PROBLEM
Leaving out every picture, copy the lines of the material below exactly, from the line containing "一群人浩浩蕩蕩地回到了美麗的" through the line containing "多くの皆さまに、安心して楽 しく過ごして頂けますよう スタッフ一同頑張ります✿".
EXERCISE INPUT Start Marker
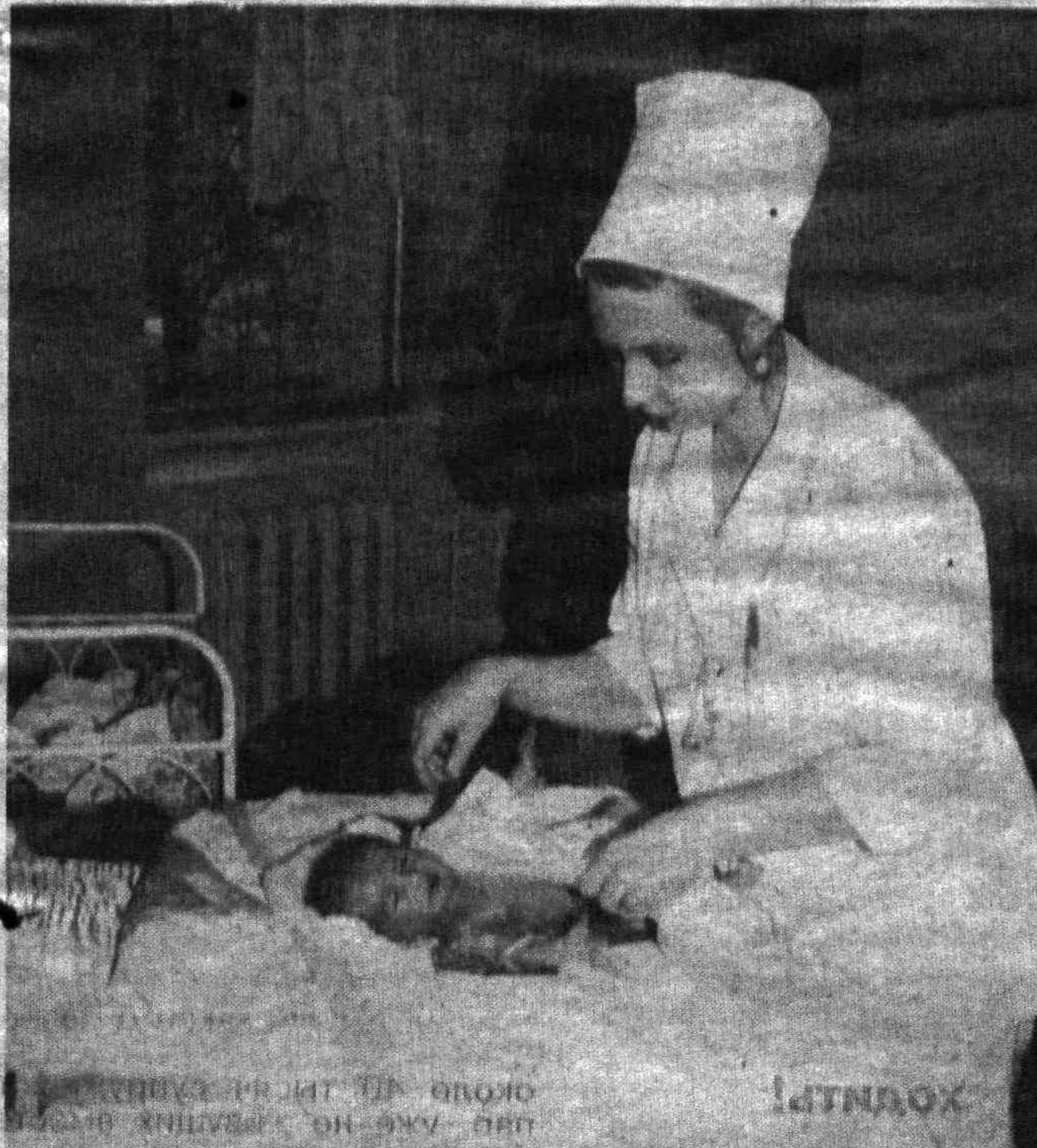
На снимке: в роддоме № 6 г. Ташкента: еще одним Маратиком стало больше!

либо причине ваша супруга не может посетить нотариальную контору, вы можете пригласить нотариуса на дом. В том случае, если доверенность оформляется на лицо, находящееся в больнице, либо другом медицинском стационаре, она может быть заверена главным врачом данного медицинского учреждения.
EXERCISE INPUT End Marker
EXERCISE INPUT Start Marker
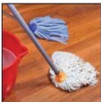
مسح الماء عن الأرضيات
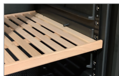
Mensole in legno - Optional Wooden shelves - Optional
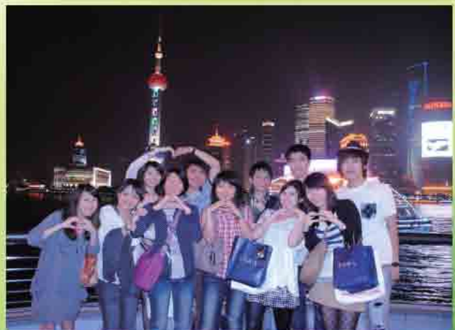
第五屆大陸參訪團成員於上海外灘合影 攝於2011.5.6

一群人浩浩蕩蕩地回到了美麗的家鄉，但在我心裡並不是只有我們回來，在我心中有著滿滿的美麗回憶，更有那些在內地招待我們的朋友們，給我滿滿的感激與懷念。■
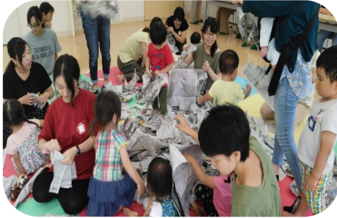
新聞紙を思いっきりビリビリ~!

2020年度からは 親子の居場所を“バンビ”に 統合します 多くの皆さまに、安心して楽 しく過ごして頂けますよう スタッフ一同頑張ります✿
EXERCISE INPUT End Marker
EXERCISE SOLUTION
一群人浩浩蕩蕩地回到了美麗的家鄉，但在我心裡並不是只有我們回來，在我心中有著滿滿的美麗回憶，更有那些在內地招待我們的朋友們，給我滿滿的感激與懷念。■
新聞紙を思いっきりビリビリ~!

2020年度からは 親子の居場所を“バンビ”に 統合します 多くの皆さまに、安心して楽 しく過ごして頂けますよう スタッフ一同頑張ります✿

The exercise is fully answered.